--- Exercise data Enclosed Below ---

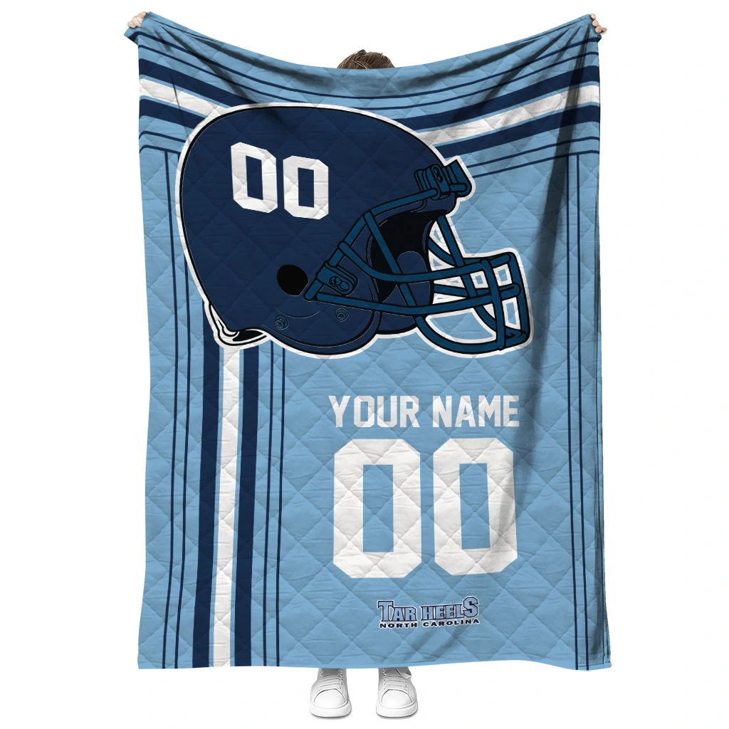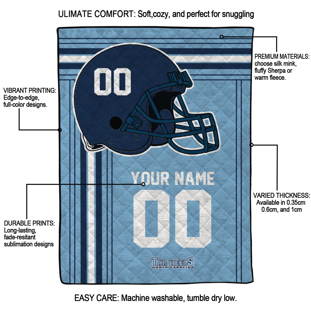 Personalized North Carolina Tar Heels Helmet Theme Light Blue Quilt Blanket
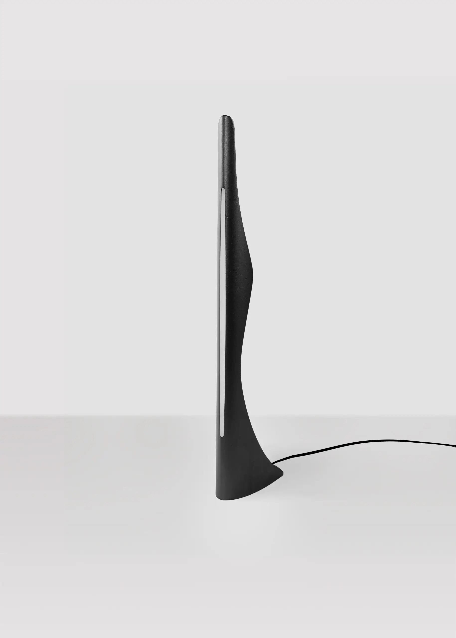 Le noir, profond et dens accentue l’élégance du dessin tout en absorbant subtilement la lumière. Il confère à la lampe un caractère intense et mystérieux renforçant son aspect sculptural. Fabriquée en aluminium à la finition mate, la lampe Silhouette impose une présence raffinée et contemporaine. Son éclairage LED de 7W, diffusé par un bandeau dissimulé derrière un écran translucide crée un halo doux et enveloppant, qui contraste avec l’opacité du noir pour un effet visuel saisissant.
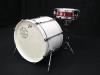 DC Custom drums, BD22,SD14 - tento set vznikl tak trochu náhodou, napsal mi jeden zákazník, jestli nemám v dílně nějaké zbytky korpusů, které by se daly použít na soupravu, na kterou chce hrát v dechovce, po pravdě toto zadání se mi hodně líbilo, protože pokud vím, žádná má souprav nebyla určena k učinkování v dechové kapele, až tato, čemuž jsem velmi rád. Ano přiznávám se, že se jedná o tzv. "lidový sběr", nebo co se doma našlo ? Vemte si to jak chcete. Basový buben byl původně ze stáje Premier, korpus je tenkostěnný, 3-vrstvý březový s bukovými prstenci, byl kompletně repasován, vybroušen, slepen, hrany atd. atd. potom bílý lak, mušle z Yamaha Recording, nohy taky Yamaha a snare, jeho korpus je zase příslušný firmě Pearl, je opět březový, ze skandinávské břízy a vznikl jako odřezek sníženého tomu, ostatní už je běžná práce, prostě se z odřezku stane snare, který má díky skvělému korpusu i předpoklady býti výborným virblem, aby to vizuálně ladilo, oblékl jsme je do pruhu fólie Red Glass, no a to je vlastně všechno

--- End of Enclosed Exercise data ---

§ To do:
Each line of the data above must be repeated exactly, images excluded.

§ Your solution:
 Personalized North Carolina Tar Heels Helmet Theme Light Blue Quilt Blanket
 Le noir, profond et dens accentue l’élégance du dessin tout en absorbant subtilement la lumière. Il confère à la lampe un caractère intense et mystérieux renforçant son aspect sculptural. Fabriquée en aluminium à la finition mate, la lampe Silhouette impose une présence raffinée et contemporaine. Son éclairage LED de 7W, diffusé par un bandeau dissimulé derrière un écran translucide crée un halo doux et enveloppant, qui contraste avec l’opacité du noir pour un effet visuel saisissant.
 DC Custom drums, BD22,SD14 - tento set vznikl tak trochu náhodou, napsal mi jeden zákazník, jestli nemám v dílně nějaké zbytky korpusů, které by se daly použít na soupravu, na kterou chce hrát v dechovce, po pravdě toto zadání se mi hodně líbilo, protože pokud vím, žádná má souprav nebyla určena k učinkování v dechové kapele, až tato, čemuž jsem velmi rád. Ano přiznávám se, že se jedná o tzv. "lidový sběr", nebo co se doma našlo ? Vemte si to jak chcete. Basový buben byl původně ze stáje Premier, korpus je tenkostěnný, 3-vrstvý březový s bukovými prstenci, byl kompletně repasován, vybroušen, slepen, hrany atd. atd. potom bílý lak, mušle z Yamaha Recording, nohy taky Yamaha a snare, jeho korpus je zase příslušný firmě Pearl, je opět březový, ze skandinávské břízy a vznikl jako odřezek sníženého tomu, ostatní už je běžná práce, prostě se z odřezku stane snare, který má díky skvělému korpusu i předpoklady býti výborným virblem, aby to vizuálně ladilo, oblékl jsme je do pruhu fólie Red Glass, no a to je vlastně všechno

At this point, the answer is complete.